Andrews is not wrong to be noticing a significant sex difference here. Some polls do indicate that the views of men and women diverge on some of these questions. For example, a 2022 poll of college students conducted by the Foundation for Individual Rights and Expression found that 85 percent of women would not allow a speaker who claimed that “[t]ransgender people have a mental disorder” to speak on campus, compared with only 58 percent of men. Similar gaps were found when students were asked whether they would allow a speaker who believes that “Black Lives Matter is a hate group,” that “[t]he 2020 election was stolen,” or that “[a]bortion should be completely illegal.” We should be concerned by these results, but Andrews is mistaken to conclude that this is an inevitable consequence of women’s increased power, or that reducing the number of women in public life is either necessary or sufficient to fix the problem.

Andrews argues that if a particular trait is more prevalent among a particular demographic group, then increasing the percentage of individuals who are members of that group in an organisation will cause the character of the organisation to shift in the direction of that trait. However, this alone is not enough to make such a shift inevitable. Three additional criteria must also be met. First, the individuals being added to the organisation must be representative of the demographic group with respect to this trait. Second, the trait must be common among the demographic group. Finally, the trait cannot be amplified or diminished by social pressure.

Violence, for instance, is uncontroversially more prevalent among men than it is among women. FBI crime statistics show that 88 percent of murders are committed by men. Suppose there were two American companies, each employing 1,000 people, one consisting entirely of men and the other consisting entirely of women. According to the reasoning that Andrews uses, we would expect the company of men to have a much higher rate of murder among its staff than the company of women. However, if we were to find two such companies, the number of murders would most likely be zero in both. This is because, in the United States, murder is exceedingly rare and because the respective employee populations would not be representative of the general population of men and women. A highly selective hiring process would also lower the probability of murder by excluding those with criminal records or selecting for traits that are negatively correlated with a propensity for violence.

Furthermore, the rarity of murder is the result of social conditions that have been created and enforced over time. As psychologist Steven Pinker documents extensively in his book The Better Angels of Our Nature, rates of violence were much higher in ancient and prehistoric societies than they are today. The reduction in violence he describes had already been in progress for a long time before feminism arrived. It was not achieved by excluding men from positions of power. Rather, the men in power established systems such as police and prisons to incentivise restraint. Those who engaged in violent behaviour were removed from society so they could no longer pose a threat to others. As a result, those who remained did not need to resort to violence to protect their own safety. In this way, civilisation tamed the worst aspects of men’s nature.

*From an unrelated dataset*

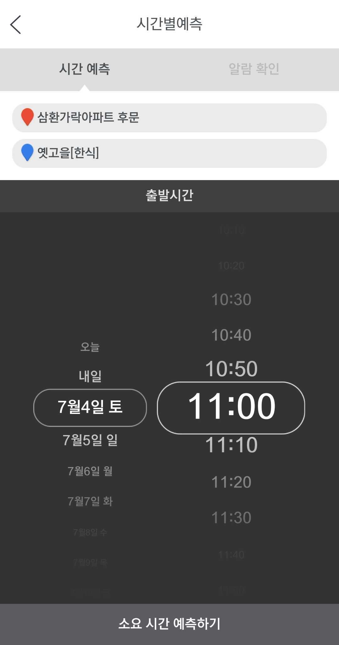 ํฐ๋งต ์ดํ์ ๋ฉ์ธ์์ ์๊ฐ๋ณ ์์ธก์ ์ ํํ๋ฉด ์๋์ ๊ฐ์ด ์ถ๋ฐ ๋ ์ง์ ์๊ฐ์ ๋ณ๊ฒฝํ ์๊ฐ ์์ด์!!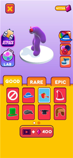 3、关键规则:碰到致命障碍物会导致游戏重启;收集足够多的果冻使果冻人变大,可获得终点意外奖励;遇到非致命障碍物后,可通过吃果冻恢复身体,自由装扮果冻人的帽子和皮肤。

If it is true, as Andrews suggests, that “wokeness” is an aspect of women’s nature, then there are good reasons to believe that it is possible for society to tame this undesirable trait as well. Of course, given that most of the behaviour in question here is nonviolent, a remedy as extreme as incarceration is neither necessary nor justifiable. However, changes in social norms can reduce the tendency towards illiberal behaviour among citizens, whether they are male or female. To demonstrate that this is possible, I will offer two examples of environments that I have personally experienced with sex ratios far from 50/50 where the culture is the exact opposite of what Andrews would predict.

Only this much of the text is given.